------ The data
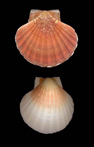 Pecten maximus (Linnaeus, 1758) Trawled between 35 to 40 m depth on sandy bottom by scallop fishingboats; Bay of St-Brieuc, Armorican Coast, French-Brittany, France; Collected between April and June 2009
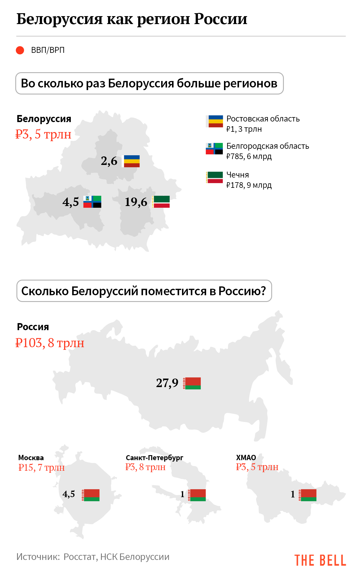 Пока разница только в том, что регионы не только получают всевозможные дотации и субсидии, но и приносят деньги в федеральный бюджет, а Белоруссия получает поддержку, не пополняя бюджет, заключает Салихов. Так что выгоды скорее политические. Почитать о них можно тут.
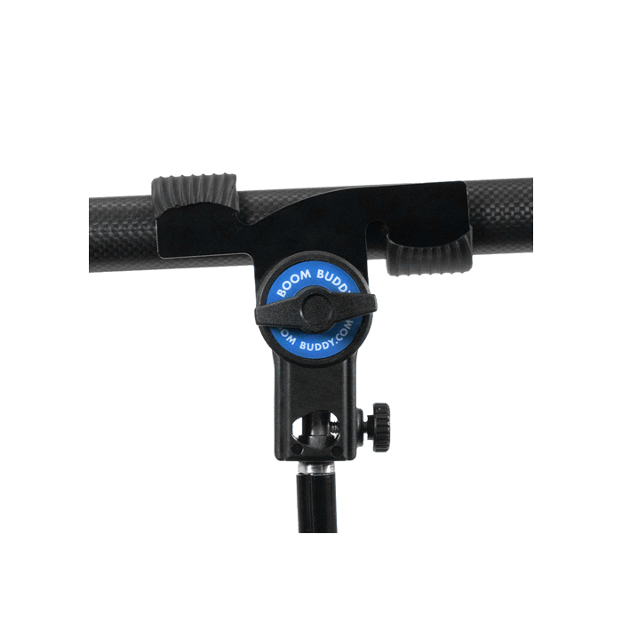 It fits perfectly into the Boom Buddy, which can be tightened by the side thumb screw.
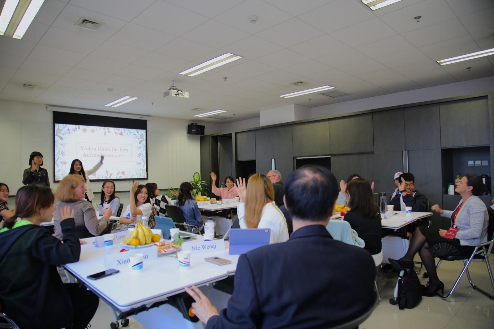 在w88win体育官网入口师生的精心准备和中外嘉宾的积极参与下,“德·听”本科生公开课活动圆满结束。活动充分展现了德院本科生扎实的语言和专业功底、广阔的国际视野以及投身中外交流的热忱。员工积极向上的精神风貌给来宾留下了深刻印象,获得了一致好评,活动的顺利举办坚定了同学们练好德语、用好德语、讲好中国故事的决心与信心。
------------
# Assignment
With pictures excluded, restate word for word the lines from the one that contains "It fits perfectly" through the end of the material, inclusive, and nothing more.

# Response to this task
 It fits perfectly into the Boom Buddy, which can be tightened by the side thumb screw.
 在w88win体育官网入口师生的精心准备和中外嘉宾的积极参与下,“德·听”本科生公开课活动圆满结束。活动充分展现了德院本科生扎实的语言和专业功底、广阔的国际视野以及投身中外交流的热忱。员工积极向上的精神风貌给来宾留下了深刻印象,获得了一致好评,活动的顺利举办坚定了同学们练好德语、用好德语、讲好中国故事的决心与信心。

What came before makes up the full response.